A governadora do Distrito Federal, Celina Leão (PP), determinou o afastamento de 12 diretores do BRB ligados à gestão anterior, investigada pela tentativa de compra do Banco Master. A decisão foi tomada nesta quarta-feira, 8, no âmbito de apurações sobre irregularidades na antiga cúpula.

O objetivo é evitar interferências nas investigações e preservar a integridade do processo. A lista de nomes não foi divulgada. A GloboNews e o Metrópoles confirmam a medida.

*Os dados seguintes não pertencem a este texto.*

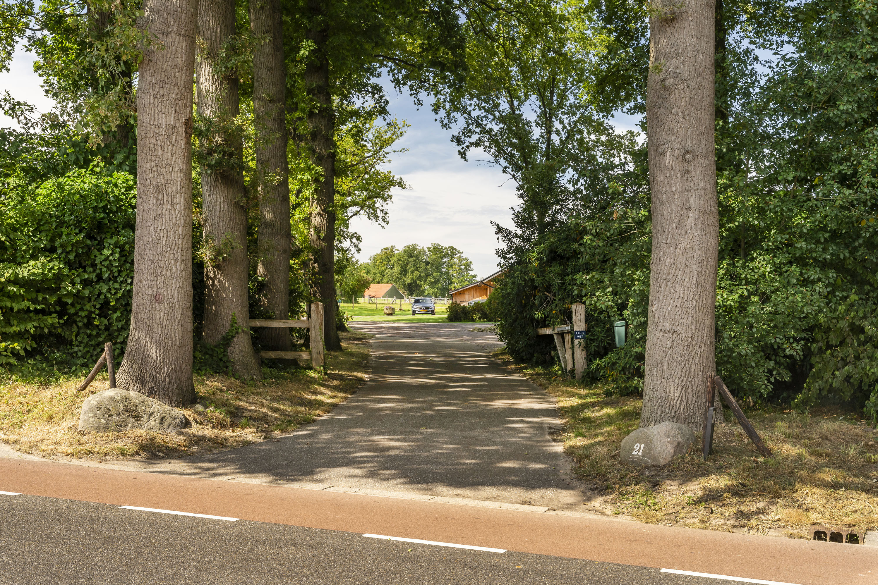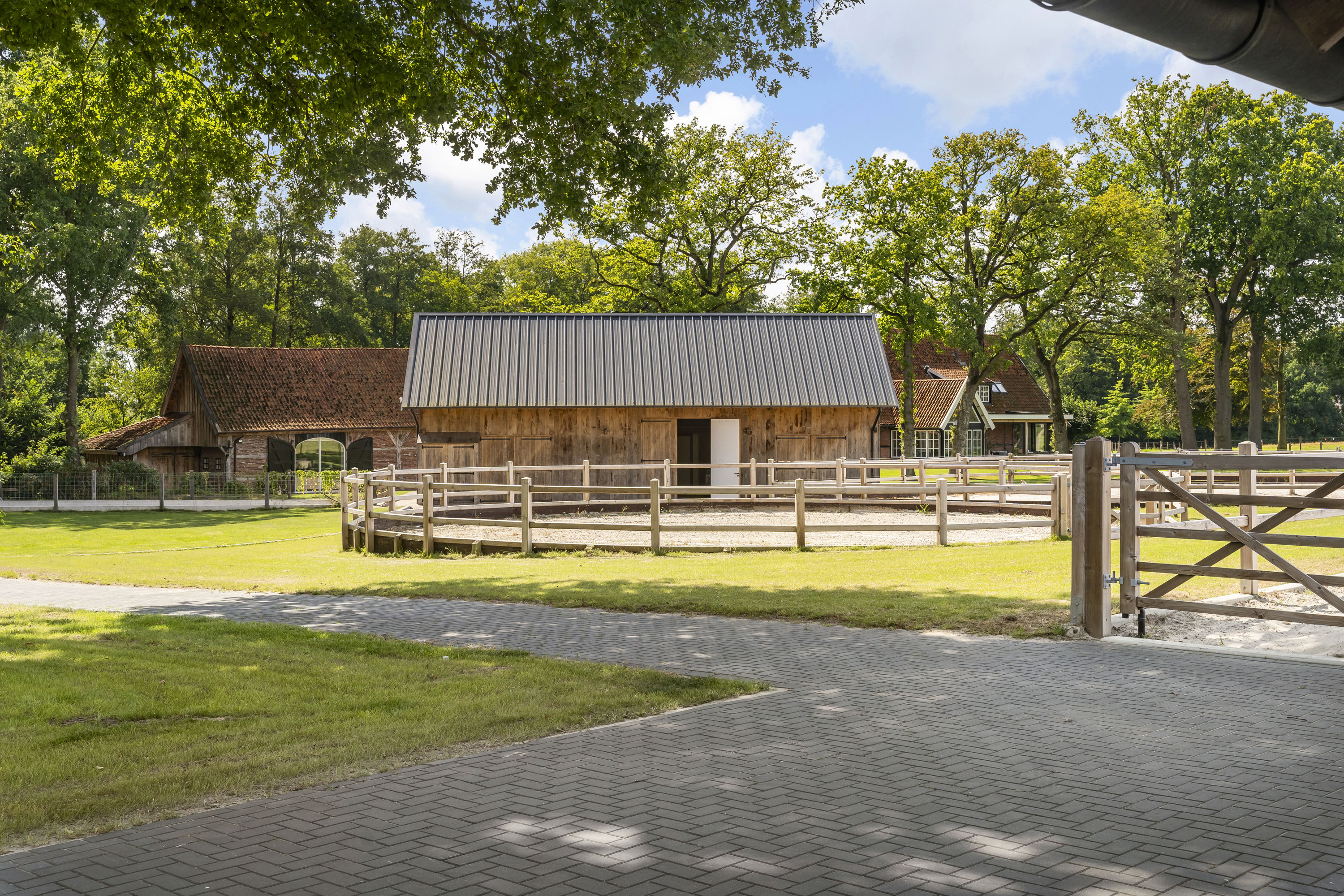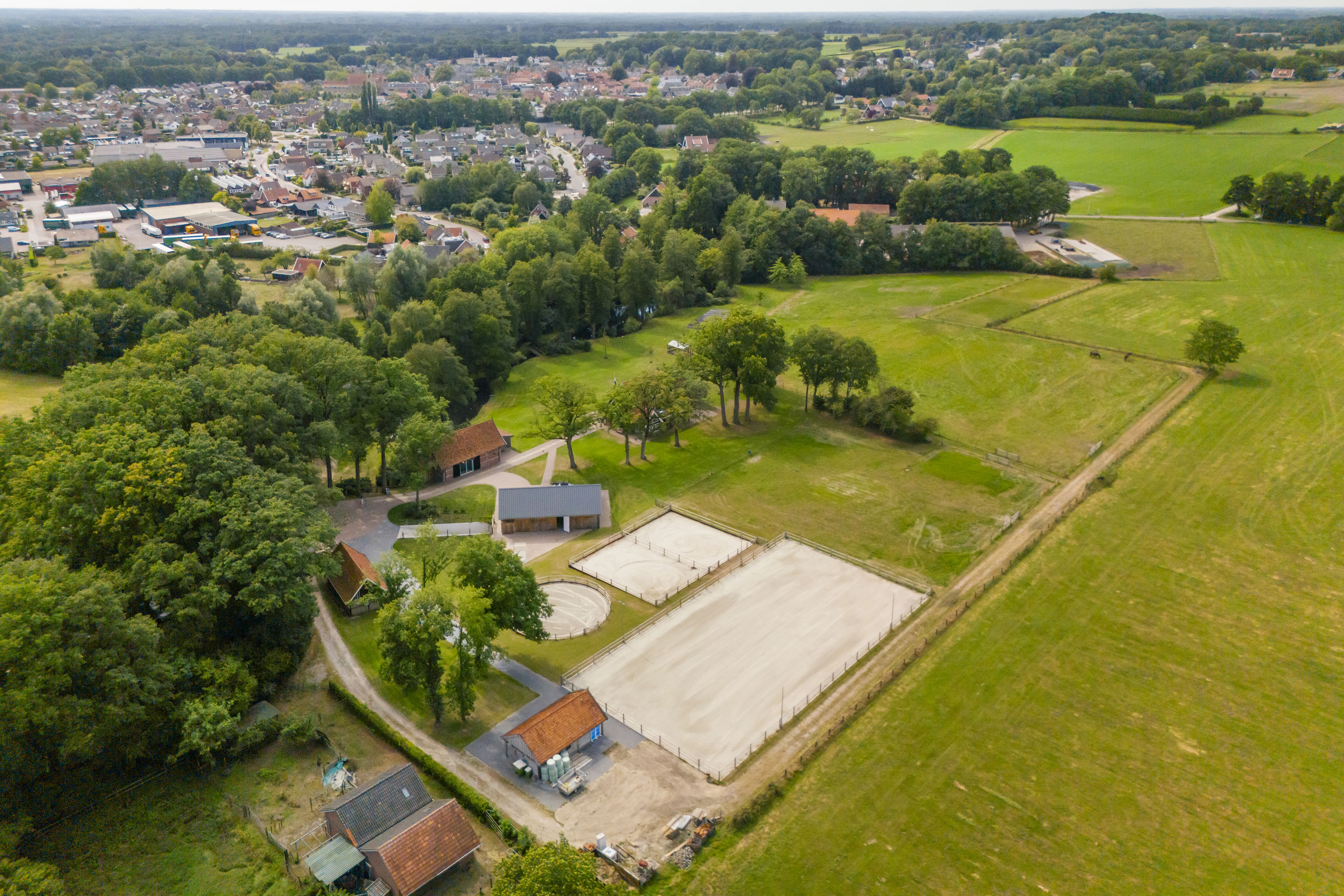 En dan zijn er nog de ruime weides. Keurig in het hout gezet, voorzien van robuuste hekken, zodat er ook eenvoudig groot materieel in en uit kan rijden. De paden er naar toe zijn semiverhard met puingranulaat zodat dit jaarrond zonder schade aan het terrein kan plaatsvinden.

Parte dos afastados já foi comunicada; por serem servidores concursados, permanecerão no banco, apenas fora do comando. O BRB deve comunicar formalmente aos acionistas nos próximos dias, ainda sem fato relevante publicado.

Investigação e desdobramentos

Nesta terça, o BRB informou ter concluído auditoria externa sobre os negócios com o Master e envio dos resultados à Polícia Federal, no âmbito da operação Compliance Zero. O relatório envolve a atuação do escritório Machado Meyer e da Kroll.

As apurações apontam que a compra do Master ignorou alertas de áreas responsáveis e houve aquisição de carteiras de crédito estaria fraudulentas, totalizando cerca de R$ 12 bilhões. A PF investiga possível gestão fraudulenta.

Segundo apurações preliminares, pode haver prejuízo de até R$ 5 bilhões ao BRB. A instituição adiou a divulgação dos resultados do ano anterior, que podem esclarecer a extensão dos impactos financeiros.